Stored data
☆ ☆ ☆ ☆

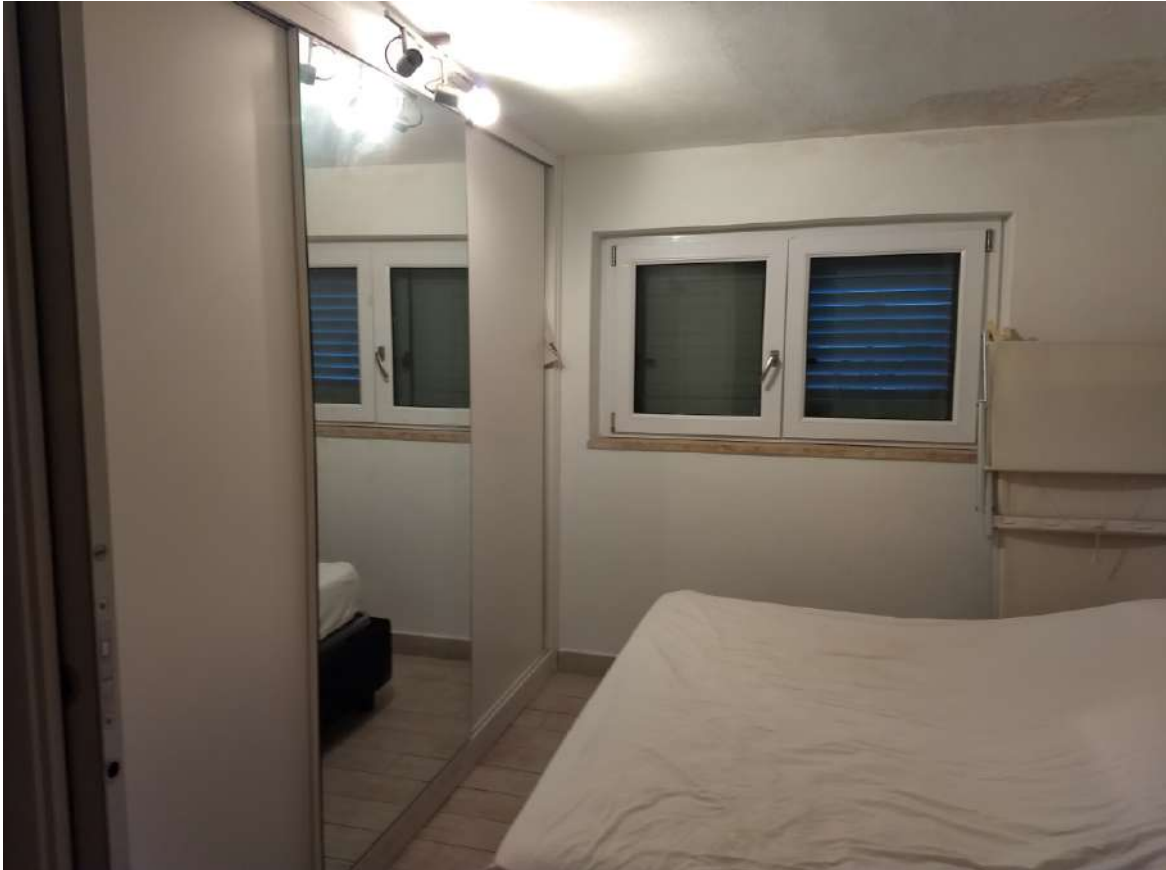
FOTO N.12 – Vista dalla camera singola dalla cabina-armadio, posta all'ingresso.
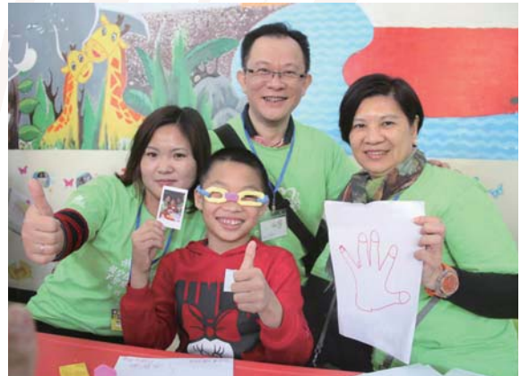
河北省志願者之旅
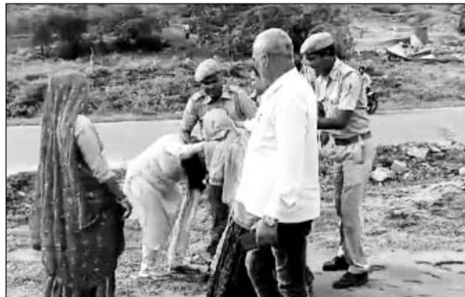
महिला उप जिला कलेक्टर के बाल पकड़कर उलझती एक ग्रामीण महिला।

अतिक्रमण हटाने की कार्यवाही के दौरान ही प्रशासन और मौके पर मौजूद लोगों को नखीरों किता तो आपस में कहासुनी हो गई। इस बात को तूल नहीं दिया जाए वहीं दूसरे पक्ष का कहना है कि प्रशासन जिसे अतिक्रमण बतारक कार्यवाही करने पहुंचा है वह खातेदारी की जमीन है। जो वीडियो
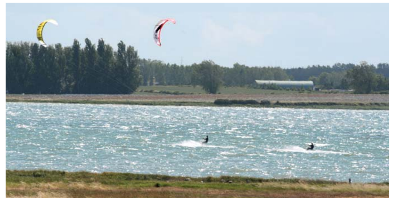
Kite-surfing er en relativ ny aktivitet. Den forstyrrer store fugleflokke der raster i fjordene, f. eks. i Bregør Bugten, samt ynglefuglene, f. eks. på Tornen ved Fyns Hoved. Denne aktivitet skal væk fra de lavvandede farvande og henvises til mere fugletomme lokaliteter.

Vi mener, at denne forstyrrende aktivitet skal væk fra de lavvandede farvande med tusindvis af fugle og henvises til lidt dybere, mere fuglefattige områder.

☆ ☆ ☆ ☆

• _Exercise objective_:
List every line from the entries above in which "farvande" appears.

• _Solution to the exercise_:
Kite-surfing er en relativ ny aktivitet. Den forstyrrer store fugleflokke der raster i fjordene, f. eks. i Bregør Bugten, samt ynglefuglene, f. eks. på Tornen ved Fyns Hoved. Denne aktivitet skal væk fra de lavvandede farvande og henvises til mere fugletomme lokaliteter.
Vi mener, at denne forstyrrende aktivitet skal væk fra de lavvandede farvande med tusindvis af fugle og henvises til lidt dybere, mere fuglefattige områder.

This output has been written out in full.